Task instructions →
From the material below, reproduce exactly the stretch of lines that begins with the line holding "프랑스 파리공과대학 한강현장방문(03.17)" and ends with the line holding "3号避難階段（秋堂町内）", skipping the pictures.

Records to process below:

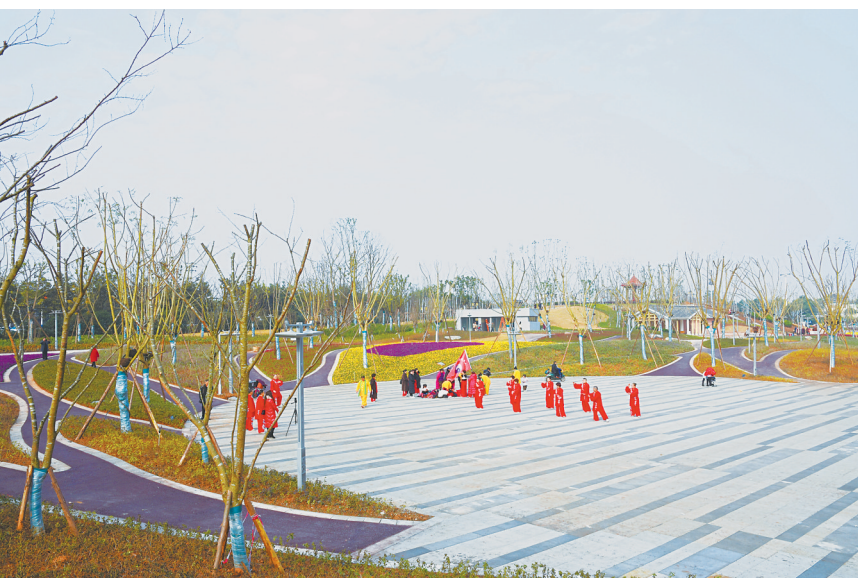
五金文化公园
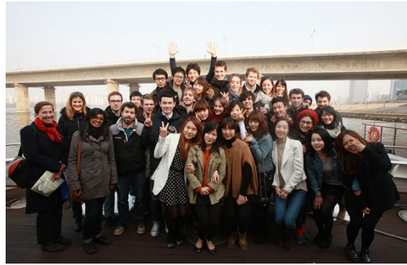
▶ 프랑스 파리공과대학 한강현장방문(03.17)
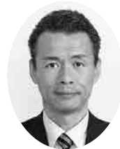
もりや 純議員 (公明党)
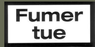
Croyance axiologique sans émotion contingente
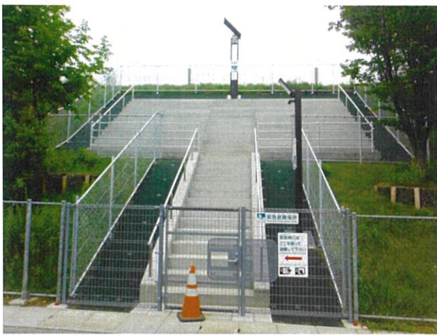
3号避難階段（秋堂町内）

End of Records to process.
Records to process below:

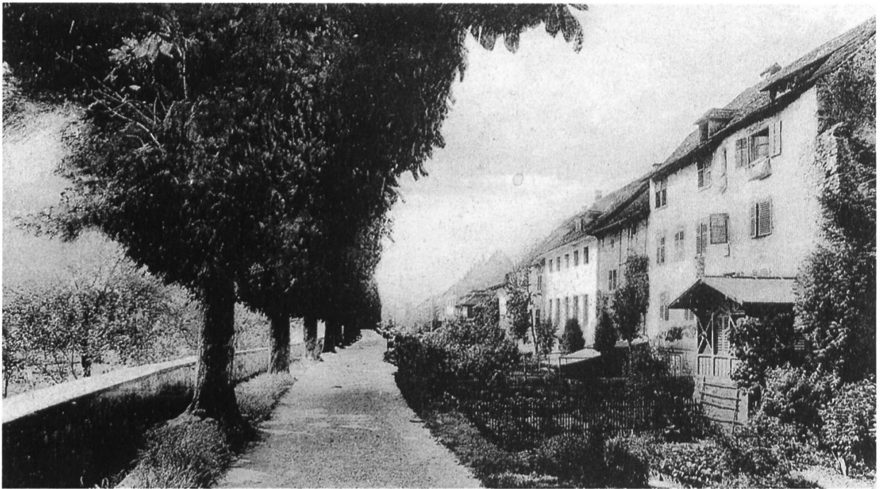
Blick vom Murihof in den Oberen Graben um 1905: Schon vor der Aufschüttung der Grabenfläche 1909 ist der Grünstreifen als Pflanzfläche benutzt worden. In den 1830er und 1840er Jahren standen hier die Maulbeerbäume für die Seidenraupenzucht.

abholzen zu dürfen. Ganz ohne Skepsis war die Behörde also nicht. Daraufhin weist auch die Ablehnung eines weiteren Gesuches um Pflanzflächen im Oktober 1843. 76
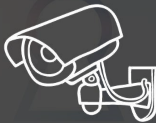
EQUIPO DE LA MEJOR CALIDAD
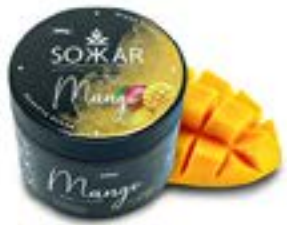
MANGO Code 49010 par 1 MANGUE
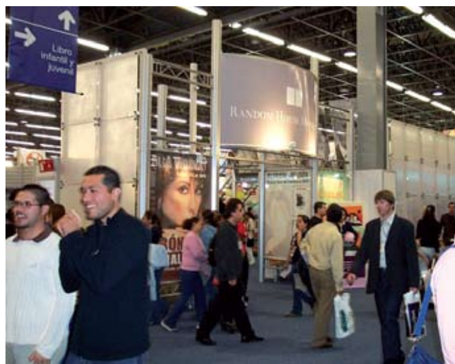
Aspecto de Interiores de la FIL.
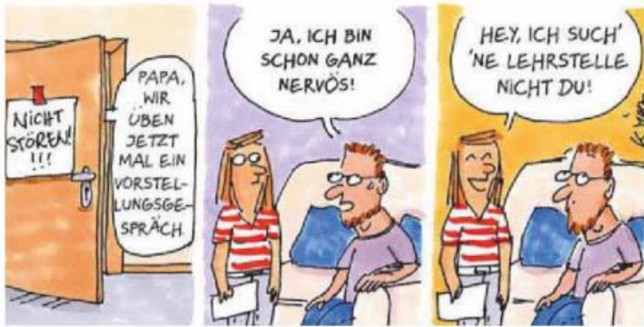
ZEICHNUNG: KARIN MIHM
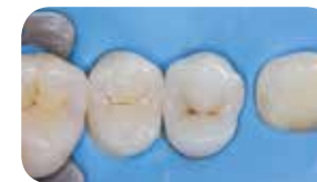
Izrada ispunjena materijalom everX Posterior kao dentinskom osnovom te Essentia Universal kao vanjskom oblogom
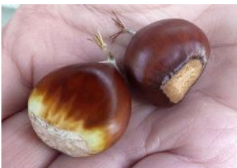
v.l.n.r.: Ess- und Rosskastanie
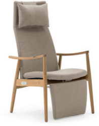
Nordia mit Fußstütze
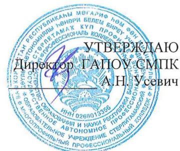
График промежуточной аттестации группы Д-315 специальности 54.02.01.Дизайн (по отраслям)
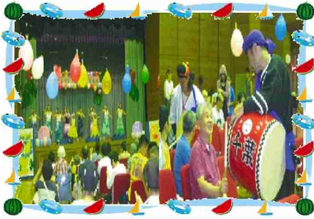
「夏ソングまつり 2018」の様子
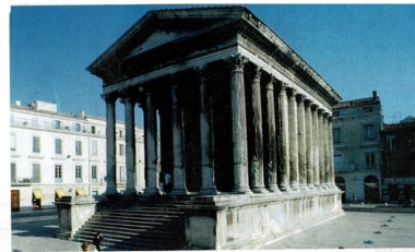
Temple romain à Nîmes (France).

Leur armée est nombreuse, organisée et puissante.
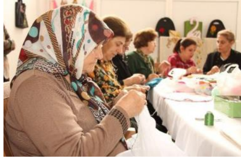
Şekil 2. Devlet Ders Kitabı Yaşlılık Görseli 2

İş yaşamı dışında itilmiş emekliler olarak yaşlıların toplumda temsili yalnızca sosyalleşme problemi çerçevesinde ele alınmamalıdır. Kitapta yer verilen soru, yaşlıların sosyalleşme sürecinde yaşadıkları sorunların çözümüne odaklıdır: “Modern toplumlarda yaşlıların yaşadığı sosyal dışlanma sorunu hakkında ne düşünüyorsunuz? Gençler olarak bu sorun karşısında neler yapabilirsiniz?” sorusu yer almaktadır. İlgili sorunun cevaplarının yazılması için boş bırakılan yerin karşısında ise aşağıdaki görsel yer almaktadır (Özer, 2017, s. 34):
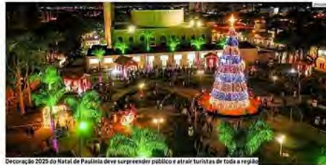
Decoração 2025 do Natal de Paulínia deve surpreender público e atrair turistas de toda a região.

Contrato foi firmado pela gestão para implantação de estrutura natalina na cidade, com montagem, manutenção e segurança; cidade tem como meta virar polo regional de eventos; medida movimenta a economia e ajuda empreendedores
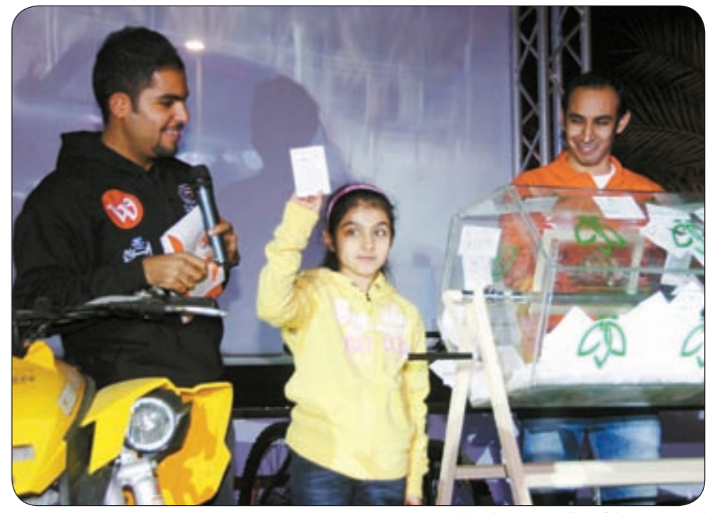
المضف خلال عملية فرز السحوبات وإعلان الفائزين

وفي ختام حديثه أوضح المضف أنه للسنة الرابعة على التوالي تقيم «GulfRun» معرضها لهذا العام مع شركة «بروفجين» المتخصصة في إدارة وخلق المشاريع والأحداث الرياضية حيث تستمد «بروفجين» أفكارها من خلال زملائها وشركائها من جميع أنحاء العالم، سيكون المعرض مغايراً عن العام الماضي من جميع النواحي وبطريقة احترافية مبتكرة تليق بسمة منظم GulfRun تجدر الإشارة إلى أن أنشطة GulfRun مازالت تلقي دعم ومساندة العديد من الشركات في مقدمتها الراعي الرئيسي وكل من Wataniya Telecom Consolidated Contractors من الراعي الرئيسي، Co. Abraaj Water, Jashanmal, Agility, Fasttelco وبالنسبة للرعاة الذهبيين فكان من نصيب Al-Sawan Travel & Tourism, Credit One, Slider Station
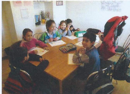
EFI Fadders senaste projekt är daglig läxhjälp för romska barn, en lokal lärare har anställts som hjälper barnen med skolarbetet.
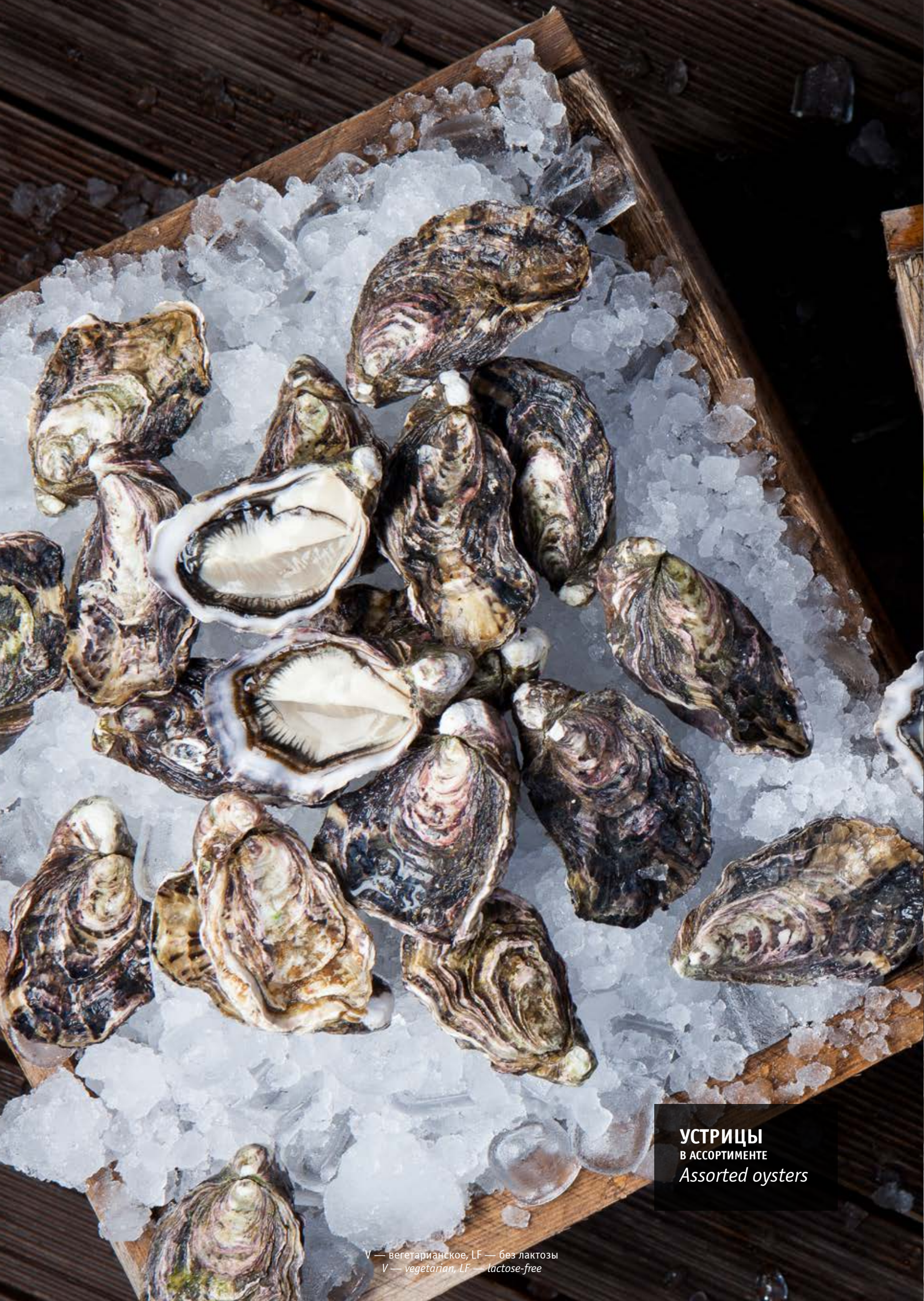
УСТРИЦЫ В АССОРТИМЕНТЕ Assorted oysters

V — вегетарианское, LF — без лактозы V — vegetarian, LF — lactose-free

End of Records to process.
Records to process below:

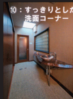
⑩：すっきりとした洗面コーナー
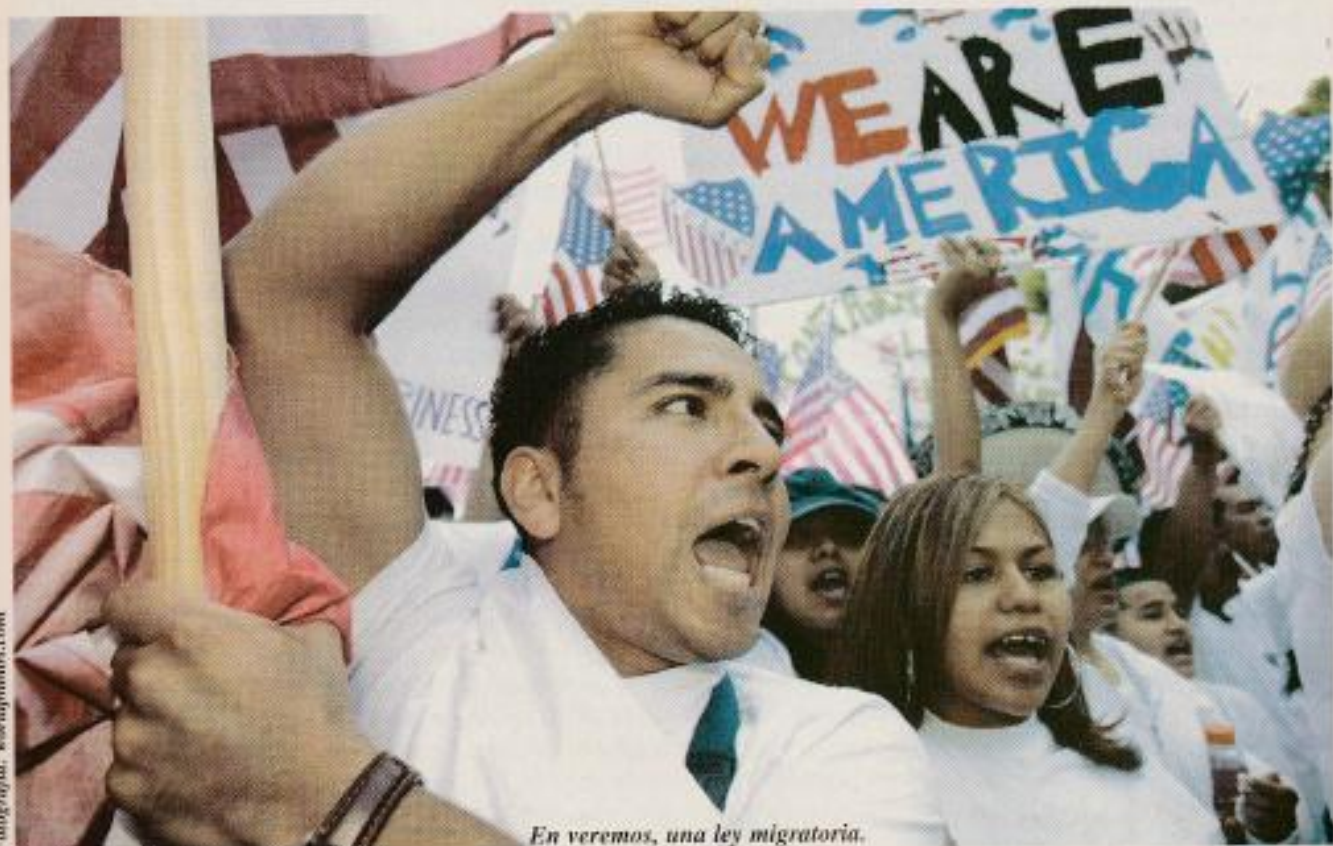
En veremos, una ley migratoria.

End of Records to process.

Solution to this problem →
▶ 프랑스 파리공과대학 한강현장방문(03.17)
もりや 純議員 (公明党)
Croyance axiologique sans émotion contingente
3号避難階段（秋堂町内）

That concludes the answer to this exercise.